1.1 trillion tons of coal are burned each year in the United States.]/b]
Of this 92% is used for power generation, this is 1.01 trillion tons burned for this purpose, each year.

Coal generates 50% of our power while nuclear generates 20%. This nuclear power is the equivalent of 404 billion tons of coal usage each year. Wind which is considered the most efficient alternative form of energy generates less than 0.1% of our power. This is the equivalent of 11 billion tons of coal. Wind is only 25% efficient so it is necessary to produce energy as back-up 75% of the time. This is the equivalent of 33 billion tons of coal. Wind is a net-negative of 22 billion tons of coal for the same small amount of electricity produced.

In order to reduce coal usage by 50% would require approximately 110 new nuclear power plants which would cost anywhere from 550 to 660 billion dollars. The cost of nuclear plants is borne by private companies; however incentives would be needed to have such a large number built. A guess would be 10 to 20 billion in incentives; 100 billion would certainly be overkill. In order to produce the same amount of wind power three times the capital costs are required,as wind installations have capital costs three times that of the very high nuclear power capital costs and since wind has only 27% of the efficiency of nuclear (90% for nuclear, 25% for wind) the nameplate power required for the wind power would need to be over 11 times that of nuclear.

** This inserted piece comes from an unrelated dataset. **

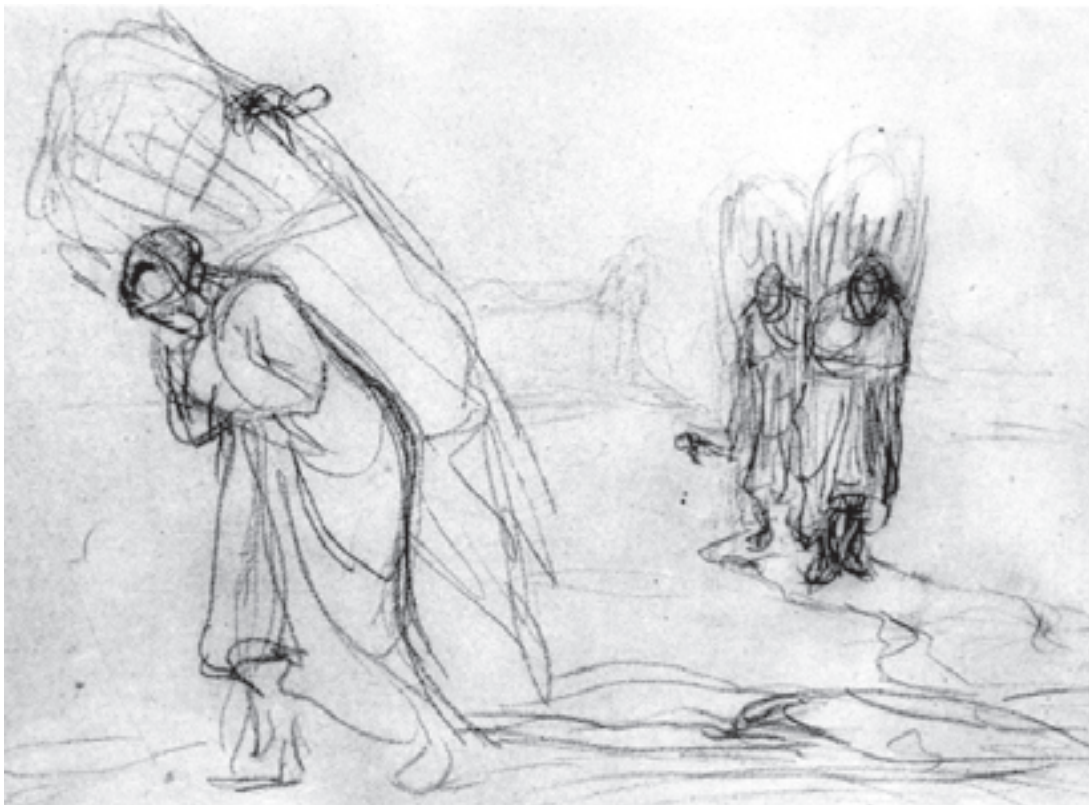
تصویر ۳-۴- اثر فرانسوا میله، طراحی با زغال

This would be capital costs of 6.05 trillion to 7.26 trillion dollars which would have to be 100% financed through taxes. This 25% of our power would cost more than 5 times the cost of nuclear power, therefore this enormous amount of wind power would more than double our cost of electricity (ignoring the fact that this amount of capital costs would shut down the country). Also placing this amount of fluctuating power on the power grid would not allow us to shut down any fossil fuel plants as they would be required to back-up the wind power. As a practical matter our national power system would need a complete revamp which could easily match the cost of the wind farms. Also it is impossible for any power grid to accept more than 5% wind power and still function without blackouts and brownouts. The clean air from this wind power would be minimal,if even detectable.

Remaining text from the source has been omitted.